Department of Health and Ageing

Department overview
- Formed: 26 November 2001
- Preceding Department: Department of Health and Aged Care;
- Dissolved: 18 September 2013
- Superseding Department: Department of Health (II);
- Jurisdiction: Commonwealth of Australia
- Headquarters: Phillip, Australian Capital Territory
- Employees: 5,251 (at April 2013)
- Annual budget: Over $36 billion (in 2004–2005)
- Department executive: Jane Halton, Secretary (2002–2013);
- Website: health.gov.au

= Department of Health and Ageing =

Australian government department, 2001–2013

The Department of Health and Ageing was a department of the Australian Government that existed between November 2001 and September 2013.

The department was created after the 2001 federal election from the Department of Health and Aged Care.

==Scope==
Information about the department's functions and government funding allocation could be found in the Administrative Arrangements Orders, the annual Portfolio Budget Statements, in the department's annual reports and on the department's website.

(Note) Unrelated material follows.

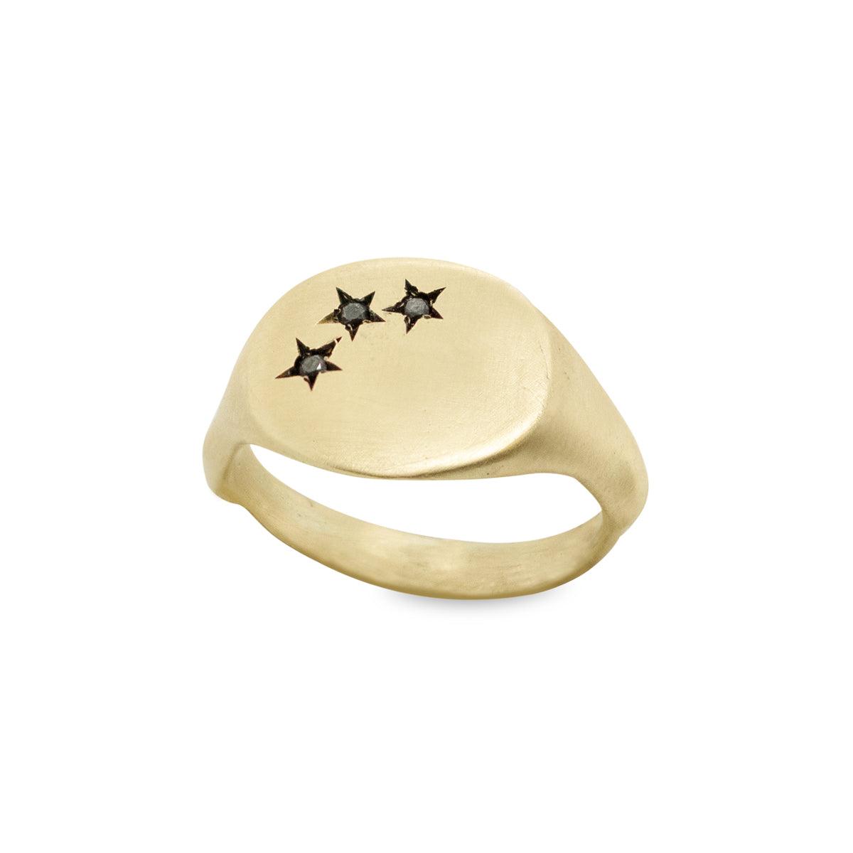 טבעת חותם זהב עם שלושה כוכבים חרוטים משובצים יהלומים שחורים

According to the Administrative Arrangements Order made on 26 November 2001, the department dealt with:
- Services for the aged, including carers
- Public health and medical research
- Health promotion and disease prevention
- Primary health care of Aboriginal and Torres Strait Islander people
- Pharmaceutical benefits
- Health benefits schemes
- Specific health services, including human quarantine
- National drug abuse strategy
- Regulation of quality of therapeutic goods
- Notification and assessment of industrial chemicals
- Gene technology regulation

==Structure==
The department was an Australian Public Service department, staffed by officials who were responsible to the Minister and assisting parliamentary secretary.

The secretary of the department was Jane Halton, appointed in January 2002.